What Is Byzantine Agreement Problem In Distributed System

A Byzantine error (also interactive consistency, congruence of sources, avalanche of errors, Byzantine correspondence problem, Byzantine generals problem, and Byzantine failure[1]) is a condition of a computer system, especially distributed computer systems, where components can fail and where there is imperfect information about the failure of a component. The term takes its name from an allegory, the “Problem of the Byzantine Generals”[2], which was developed to describe a situation in which the actors of the system must agree on a concerted strategy to avoid a catastrophic failure of the system, but some of these actors are unreliable. The study by Pease, Shostak and Lamport was among the first to address the problem of achieving coordinated behavior between the processors of a distributed system in the event of a failure [21]. Since the publication of the article, this topic has become a vast field of research.

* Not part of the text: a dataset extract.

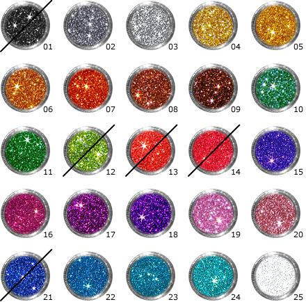 Bedenke bitte, dass die Glitzerfarben durch deine Monitoreinstellung abweichend ausfallen können, d.h. bei dir zu Hause also farblich möglicherweise anders aussehen.

Below is a presentation of the main findings on the specific issues addressed in their paper. In some cases, this entry uses the terminology currently accepted in this topic and not the original terminology used by the authors. In this article, we have discussed some general information about the problem of consensus in distributed systems. The problem is complicated by the presence of treacherous generals who can not only vote for a sub-optimal strategy, but also selectively do so. For example, if nine generals vote, four of whom support the attacks, while four others are in favor of retirement, the ninth general can send a vote on withdrawal to those generals in favor of withdrawal and a vote on the attack to the others. Those who received a retirement vote from the ninth general will withdraw, while the others will attack (which may not go well for the attackers). The problem becomes even more complicated because generals are physically separated and have to send their votes through messengers who may not vote or falsify their votes. The nodes of the distributed system must all agree on a specific set of rules and be able to move forward by agreeing on a specific evaluation of a transaction before adding it to the database. Tolerance for Byzantine faults can be achieved when loyal (not imperfect) generals have a majority agreement on their strategy.